U.S. Army Brigadier General

Augustus Milton Gurney (February 18, 1895 – April 10, 1967) was an officer in the United States Army with the rank of brigadier general during World War II. A graduate of the United States Military Academy, he served mostly in the staff positions and completed his career as Assistant Chief of Staff for Operations (G-3), First United States Army.

==Early career==

Augustus M. Gurney was born on February 18, 1895, in Oneonta, New York, as the son of Louis C. Gurney and Florence Moody. He completed Stanton Preparatory Academy in Highland Falls, New York, and entered the United States Military Academy at West Point, New York, in June 1913. Graduating 27th in a class of 139 cadets, he was a member of the Class of 1917, which produced many future general officers including two Army Chiefs of Staff (Joseph L. Collins and Matthew Ridgway) as well as Mark W. Clark, a future full general, William Kelly Harrison Jr. and Daniel Noce, two lieutenant generals.

Gurney graduated with Bachelor of Science degree on April 20, 1917, shortly following the United States entry into World War I, and was commissioned second lieutenant in the Field Artillery Branch. He embarked for France as a member of 1st Field Artillery Brigade and served consecutively as Battery commander and as a balloon observer during Meuse–Argonne offensive.

Following a tour of occupation duty in the Rhineland, Gurney returned to the United States in mid-1919 and assumed duty as an instructor of mathematics at the United States Military Academy. He remained four years in this capacity and entered the instruction at Army Field Artillery School at Fort Sill, Oklahoma, in June 1923. Gurney graduated one year later and was ordered to the Army Signal School at Fort Monmouth, New Jersey.

In May 1925, Gurney entered the Yale University and graduated two years later with Master of Science degree. His schooling continued with two-years course at the Army Command and General Staff School at Fort Leavenworth, Kansas, and one-year instruction at Army War College in Washington, D.C., and later assumed duty as an instructor at the Army Command and General Staff School at Fort Leavenworth.

==World War II==

Gurney was promoted to lieutenant colonel on June 1, 1940, and joined the headquarters, II Corps under Major General Henry C. Pratt and served as Assistant Chief of Staff for Intelligence until August 1941, when he was appointed Assistant Chief of Staff for Operations with II Corps. While in this capacity, Gurney was promoted to colonel on December 11, 1941, just four days after the Japanese attack on Pearl Harbor.
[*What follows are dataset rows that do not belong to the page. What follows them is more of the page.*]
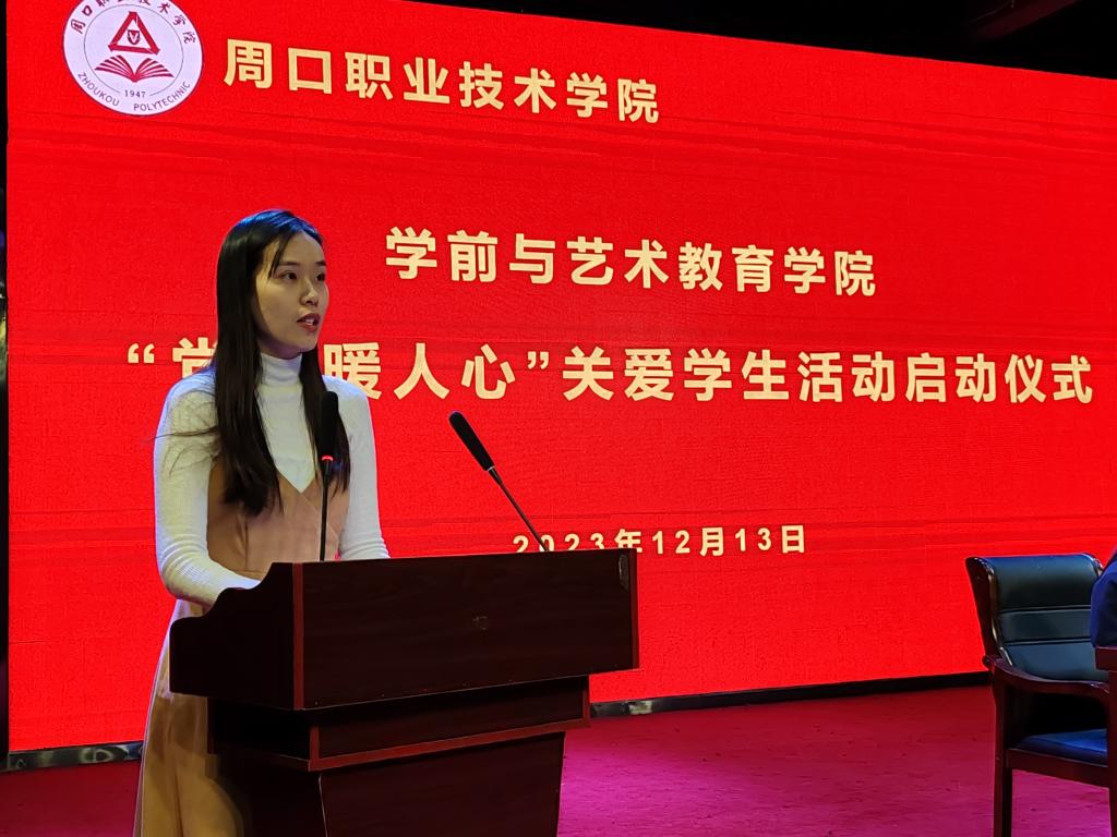 为全面贯彻党的教育方针,更好的关心与帮助学院外省学生顺利适应大学生活,加强党员教师在学生成长中的思想引领作用,12月13日下午,学前与艺术教育学院在艺术演播厅举行“党心暖人心”关爱学生活动启动仪式。学院全体党员教师、外省学生参加本次仪式,仪式由教学办主任李晨阳主持。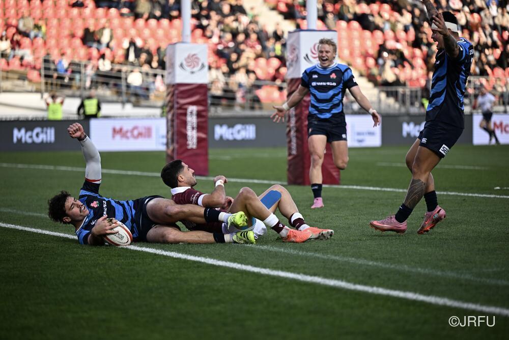 WTB長田智希がオフロードを防ぐ好守をみせたが、ノーラックで繋がれてCTBトルニケ・カホイゼが渾身のトライ。さらにSOテド・アブジャンダゼのコンバージョン成功で、ジョージアが歓喜の逆転を果たした。(22-23)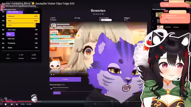01:26:21Nachdem die Suche nach dem perfekten Handytierchen abgebrochen wurde, beginnt der Stream um 19:38 Uhr einen neuen Reaction-Stream für VTuber-Clips aus Deutschland. Unmittelbar danach wechselt das Thema zu Baumstriezel, einer speziellen Gebäckart. Der Streamer beschreibt verschiedene Zubereitungsarten, Füllungen und deckt dabei den Unterschied zwischen veganen und klassischen, oft frittierten Varianten auf. Diese detaillierte Beschreibung führt zu einer Diskussion über die Verfügbarkeit und die norddeutsche Spezialität.

He was promoted to the temporary rank of brigadier general on April 16, 1942, and ordered to Camp Pickett, Virginia, where he joined the headquarters of 79th Infantry Division under Major General Ira T. Wyche. Gurney assumed duty as Artillery Commander of the division and participated in the Tennessee Maneuvers, after which it moved to Camp Laguna near Yuma, Arizona, where it trained in the desert. It was then ordered to Camp Phillips, Kansas for training in winter conditions, but before 79th Division deployed to the European Theater of Operations, Gurney was declared unfit for overseas duty and succeeded by his West Point Classmate, George D. Wahl in February 1944.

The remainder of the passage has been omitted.